The three disconnected brains
Gurdjieff specifies this fragmentation by distinguishing three “centers” or “brains”: the intellectual center (thought, analysis, logic), the emotional center (feelings, desires, affective attractions and repulsions), and the motor center (the body, physical habits, rituals, automatic gestures). In the ordinary person, these three centers function in a disconnected manner.
When I read a sacred text, my intellectual center can understand the literal meaning, analyze the structure, spot contradictions. My emotional center can be moved, overwhelmed, inspired—or on the contrary frightened, revolted. My motor center can mechanically repeat ritual gestures (crossing oneself, prostrating) without intelligence or emotion truly participating. This disconnection produces partial and distorted readings: I can “understand” an teaching intellectually without feeling it emotionally, and thus without it transforming my life. Or I can be moved without understanding, and fall into sentimentalism. Or I can practice a motor ritual without either intellectual or emotional engagement.
Concrete examples: how conditioning filters reading
A Jew reads the Torah. But is it his Orthodox grandfather reading in him? Is it the Shoah filtering his understanding? Is it the rebellion against family traditionalism already structuring his hermeneutics?
A Christian woman reads the Gospel. But is it the fear of original sin imposed by her mother that orients her reading? Is it her conscious feminism that makes her waver on certain Pauline verses?
A Muslim reads the Qur’an. But does he carry his father’s Arab nationalism, the fear of infidels taught by the mosque, or the sincere desire for social justice?
In all these cases, the authority of the text becomes a pretext to legitimize what the conditioning has already decided. It’s not a morally “bad reading”; it’s a mechanical reading, governed by invisible automatisms.

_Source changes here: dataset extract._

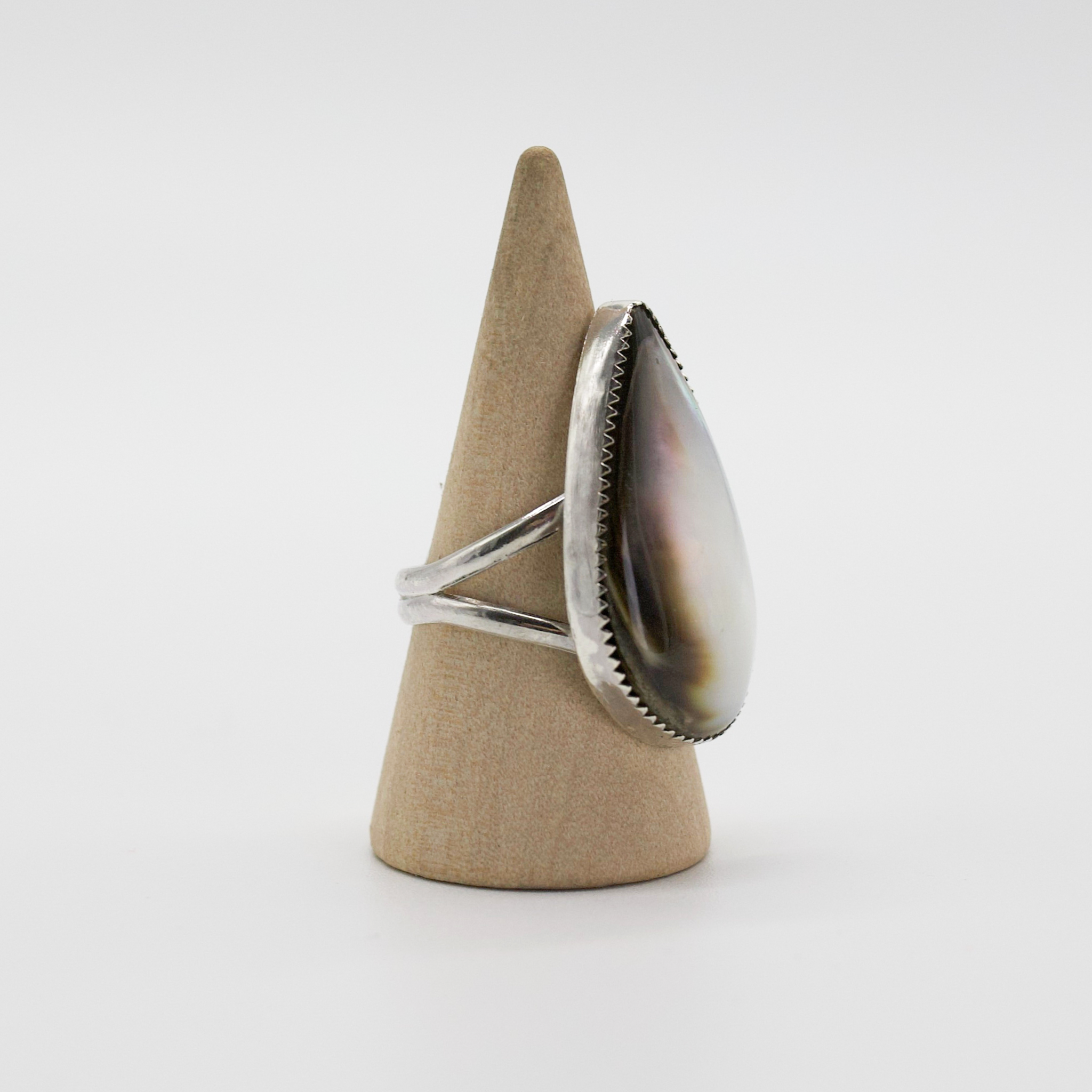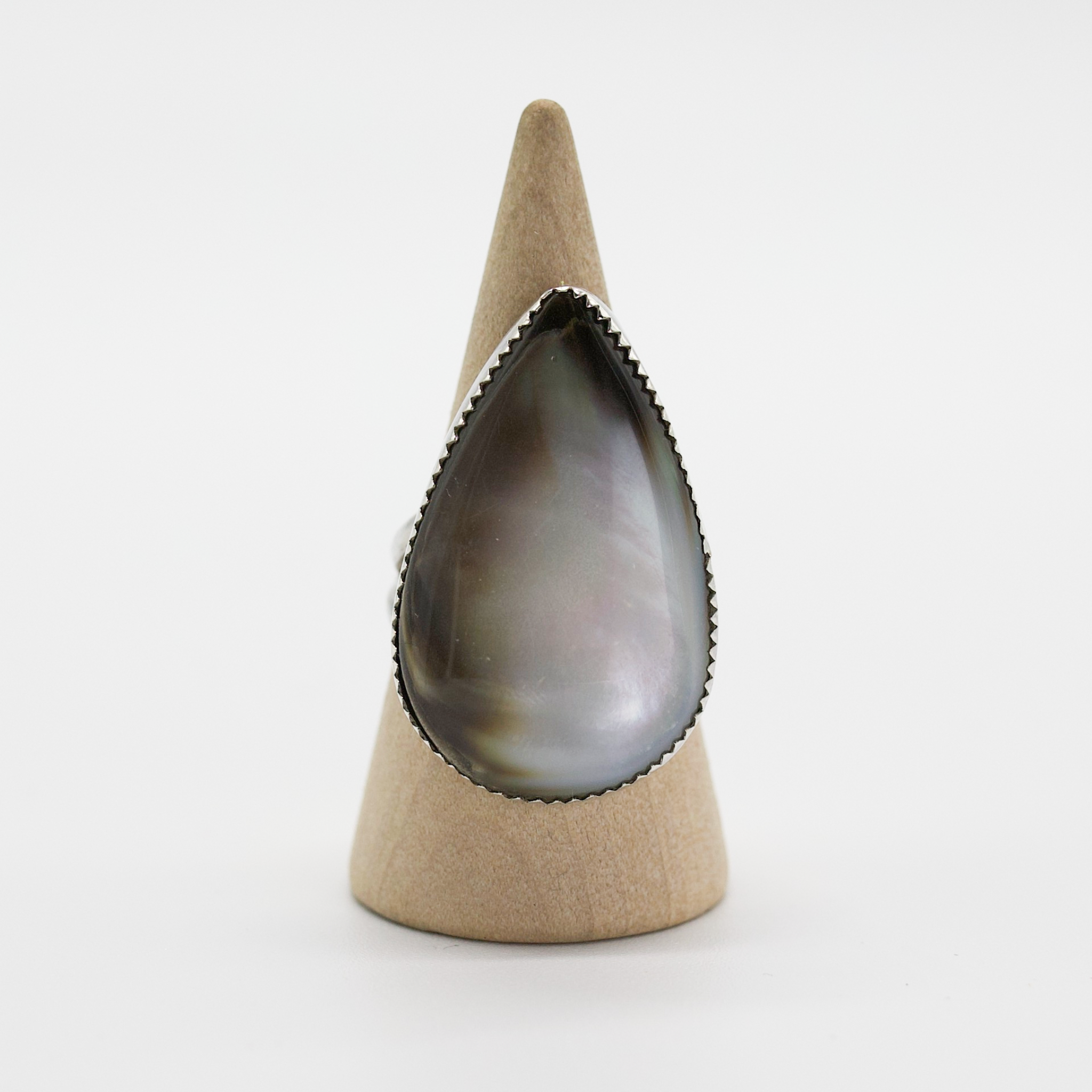 She’s moody, mysterious, and probably haunts tide pools—Goth Mermaid is here for the sirens who wear black (but shimmer). Crafted with Black Mother of Pearl, this teardrop-shaped beauty shifts between stormy gray and pearly silver, catching the light like moonlit waves. Said to invite calm, protection, and feminine magic, she’s basically your sea witch sidekick in ring form.

The preliminary task: to observe without judging
Faced with this diagnosis, two attitudes are possible—and both are traps. The first consists of denying the conditioning, pretending one can “read objectively” or “simply follow what the text says.” This naïveté is a form of blindness. The second consists of despairing: “If I’m entirely conditioned, how could I ever truly read?” This despair is a form of resignation.
Krishnamurti proposes a different path: observation without the observer. Normally, when we “observe” something (in us or outside us), there is an observer (the “I” that looks), an observed (what is looked at), and a distance between the two. This distance immediately creates a duality: the observer judges, compares, evaluates, rejects or accepts what it observes. And this observer itself is the product of conditioning.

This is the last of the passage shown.